Isolating tasks is an essential function of container schedulers such as DC/OS. In this blog post we discuss the different options for isolating CPU resources and the rationale for a recent change in this behavior.

Container isolation has two goals:

  • Isolation should prevent one task from accessing critical information of another task. With containers this is using accomplished using namespaces. Namespaces are a Linux kernel feature that provide a separate namespace for each container akin to each container having its own process ID.
  • Isolation should provide fair and predictable access to resources. This is accomplished with Linux cgroups a Linux kerneo feature that allows you to specify a maximum of CPU cycles or a maximum memory usage per container.

This blog is about the different options for limiting access to CPU cycles in a fair and predictable fashion.

Overview of CPU isolation

As DC/OS uses Apache Mesos at its core, it also uses its isolation mechanisms which are enforced by containerizers. Mesos offers with two different containerizers: Mesos (referred to as UCR in DC/OS) and Docker.

For isolation, both containerizers rely on Linux cgroups.

For CPU isolation, you can use two different cgroups subsystems:

  • cgroups/cpu.shares

    CPU shares determine the relative weights of CPU cycles allocated to containers (recall that we use the term container here for different process groups). Imagine a system with two containers: container A has a CPU share of 500 whereas container B has a share of 250. That setup gives container A a relative share of ⅔ of the CPU cycles, whereas container B gets ⅓ of the CPU cycles. If container B is removed from the system, container A can use all of the CPU cycles on that machine. This flexible behavior makes it difficult to achieve predictable CPU performance as CPU performance depends on whether different tasks are co-located on the same CPU.

  • cgroups/cpuset

    CPU sets assign CPU cores to containers. E.g., you could assign cores 1 and 3 to container A and cores 0 and 2 to container B. While this has the disadvantage that you are partitioning your cluster by cores, it is useful in large NUMA systems where you might want to pin containers to cores that are directly attached to the same memory.

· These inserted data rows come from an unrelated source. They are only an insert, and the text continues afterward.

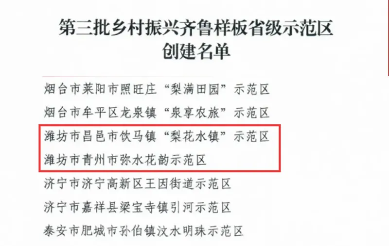 近日,省农业农村厅、省财政厅联合公布了第三批乡村振兴齐鲁样板省级示范区创建名单,潍坊昌邑饮马镇“梨花水镇”示范区、潍坊青州弥水花韵示范区成功入选。
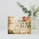 Un diseño rosa floreciente en un entorno antiguo de pergamino sepia, con detalles cursivos y de borde curvo desvanecido.
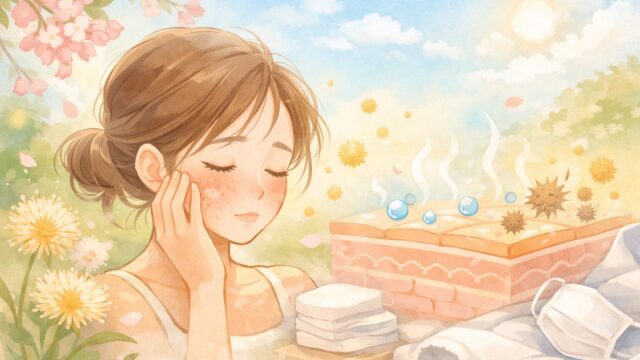 春の肌荒れは花粉が原因?乾燥と摩擦で乱れる肌バリアを守る方法を解説。皮むけ・かゆみの対策、冷やすor温める判断、今夜からの3ステップも紹介します。
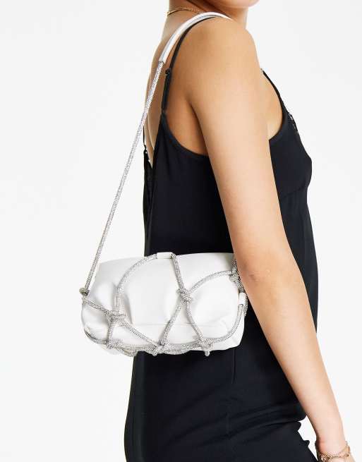 ASOS DESIGN shoulder bag with diamante strapping detail in white Very well made.
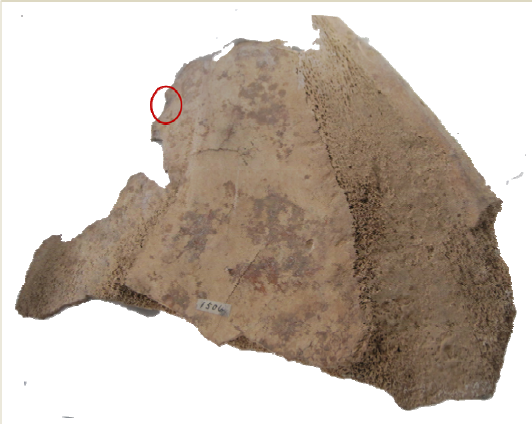 圖2《庫(kù)》1506背面。紅圈處為有灼痕的半個(gè)鑿眼。
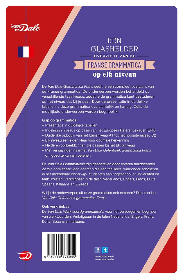 De Van Dale Grammatica Frans geeft je een compleet overzicht van de Franse grammatica. De onderwerpen worden behandeld op verschillende taalniveaus, zodat je de grammatica kunt bestuderen op het niveau dat bij je past. Door de presentatie in duidelijke tabellen is deze grammatica overzichtelijk en handig. Zelfs de moeilijkste onderwerpen worden begrijpelijk!
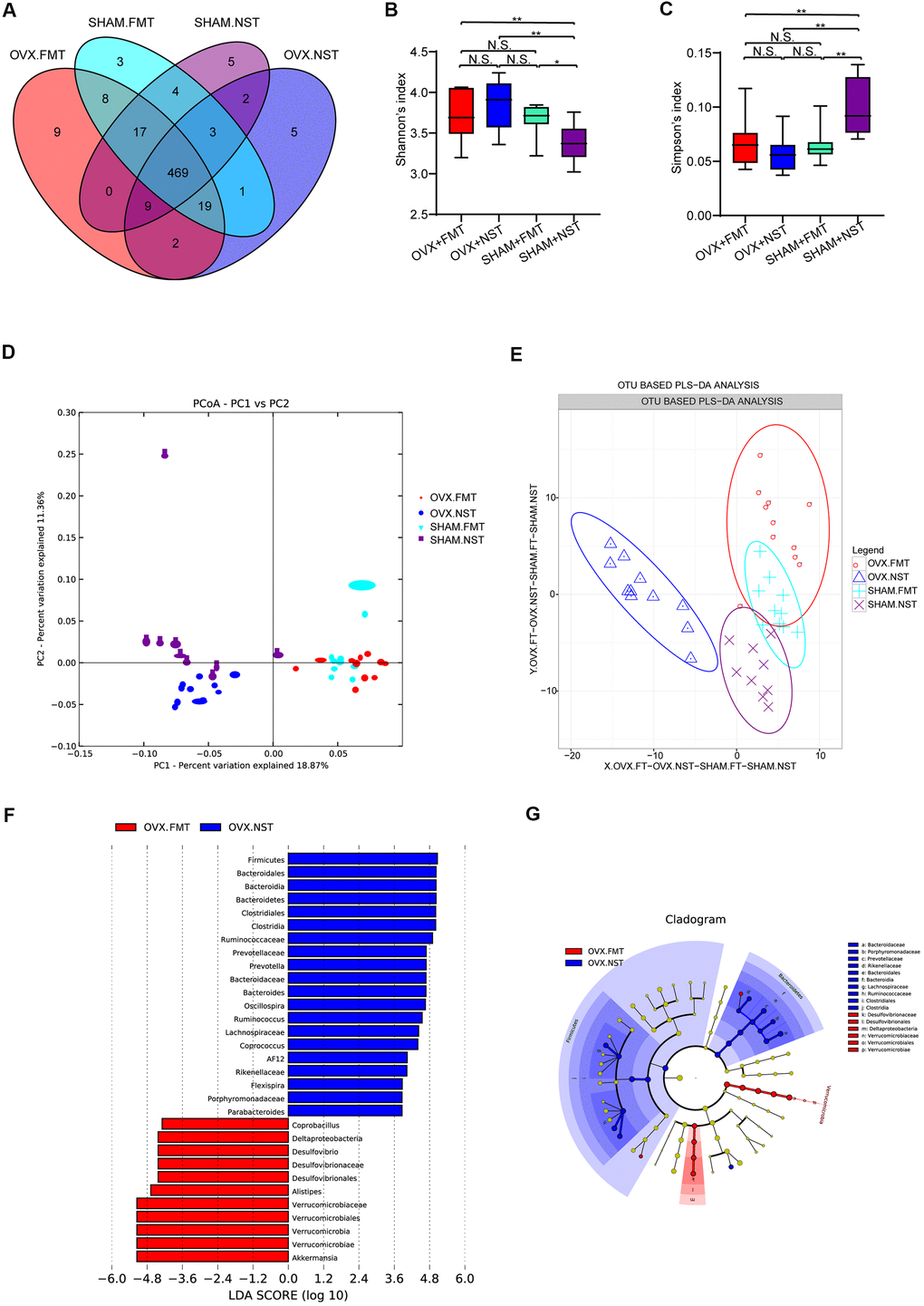 16 rDNA sequencing and analysis for fecal microbiota from OVX+FMT, OVX+NST, Sham+FMT and Sham+NST groups showed that there were 533 OTUs in OVX+FMT group, 510 OTUs in OVX+NST group, 524 OTUs in Sham+FMT group and 509 OTUs in Sham+NST group (Figure 5A). When pairwise compared to find out the shared OTUs numbers among these four groups, we found that the shared OTUs number between the OVX+FMT group and the Sham+ FMT was bigger than any others pairwise groups. When further conducted α-diversity analysis with one-way ANOVA followed by post hoc test, no significant difference was observed between OVX+FMT and OVX+NST groups for Shannon index (Figure 5B) Simpson index (Figure 5C), sobs index (Supplementary Figure 2A) and Chao1 index (Supplementary Figure 2B). However, β-diversity analysis including PCA (Figure 5D) and PLS-DA (Figure 5E) indicated that gut microbiota of the OVX+FMT group was similar to that of the Sham+FMT group but was different to that of the OVX+NST group. The PCA diagram also indicated that fecal microbiota transplantation could modulate the gut microbiota since the samples from the normal sterile saline gavage groups (including OVX+NST and Sham+NST groups) were relatively close while the samples from feces transplanted groups (including OVX+FMT and Sham+FMT groups) were close, and samples from the normal sterile saline gavage groups were relative far from samples from feces transplanted groups (Figure 5D). We further performed microbial taxonomy in OVX+FMT, OVX+NST, Sham+FMT and Sham+NST groups. The bar plots for fecal microbes at genus level for four groups showed that Akkermansia, Prevotella, Bacteroides, Helicobacter, Oscillospira, Sutterella, Desulfovibrio, Ruminococus, Coprococcus and Lactobacillus were the main categories at genus level (Supplementary Figure 2C). And samples from OVX+NST group were different from other samples as shown by the clustering heat map analysis (Supplementary Figure 2D). We further performed the LEfSe analysis to select the microbes that are distinguished to the OVX+FMT group and the OVX+NST group (Figure 5F, 5G) and displayed the differentially distributed categories whose relative abundance were above 0.1% (Figure 6A–6S). Briefly, there were 7 categories at different taxonomic rankings were more abundant in OVX+FMT group than in OVX+NST group and there were 11 categories at different taxonomic rankings were more abundant in OVX+NST group than in OVX+FMT group. Interestingly, all these differentially distributed 18 categories shared similar abundance among OVX+FMT group, Sham+FMT group and Sham+NST group. There was also only one category (Figure 6G, Order-Desulfovibrionales) more abundant in the OVX+FMT than the others 3 groups.
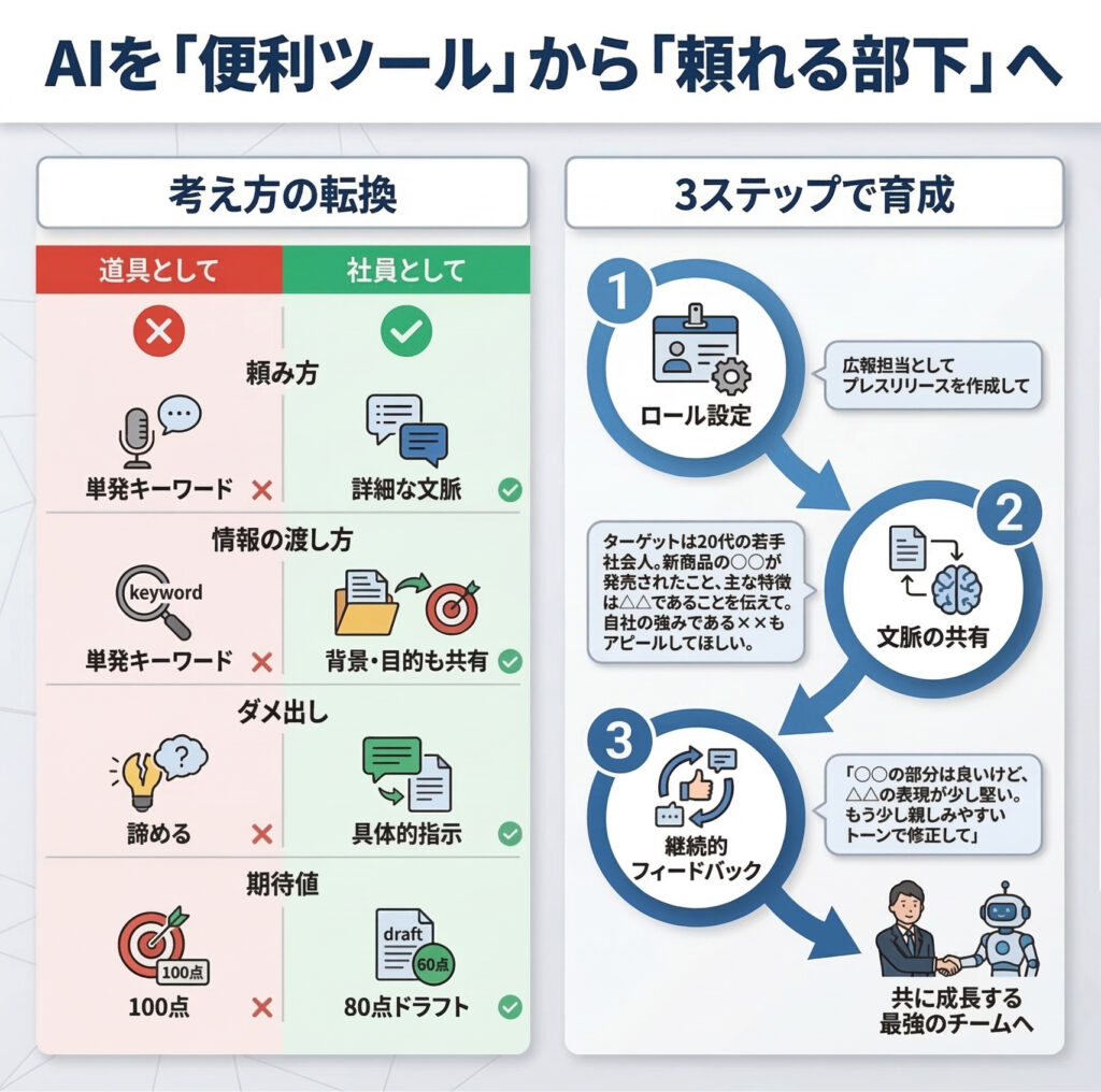 そんな使い方に変えるだけで、AIは強力な仕事パートナーになります。

Both solutions have some limitations when it comes to the goal of flexible but predictable performance. This is where the completely fair scheduler (CFS) comes in. It allows strict CPU limitation (i.e., specifying the maximum CPU bandwidth available to a group or hierarchy).

It might seem to be a disadvantage that containers don’t receive idle CPU cycles in CFS. However, in production setups predictable performance is a more desirable characteristic.

How does it affect DC/OS users?

When using Apache Mesos you have the choice to use CPU shares or CFS strict CPU limitations. If you use CPU shares and your host system has free CPU cycles your task can consume more CPU cycles than initially configured in your Marathon app definition. If you use CFS strict CPU limitations, your task can only consume a maximum of CPU time based on your Marathon configuration.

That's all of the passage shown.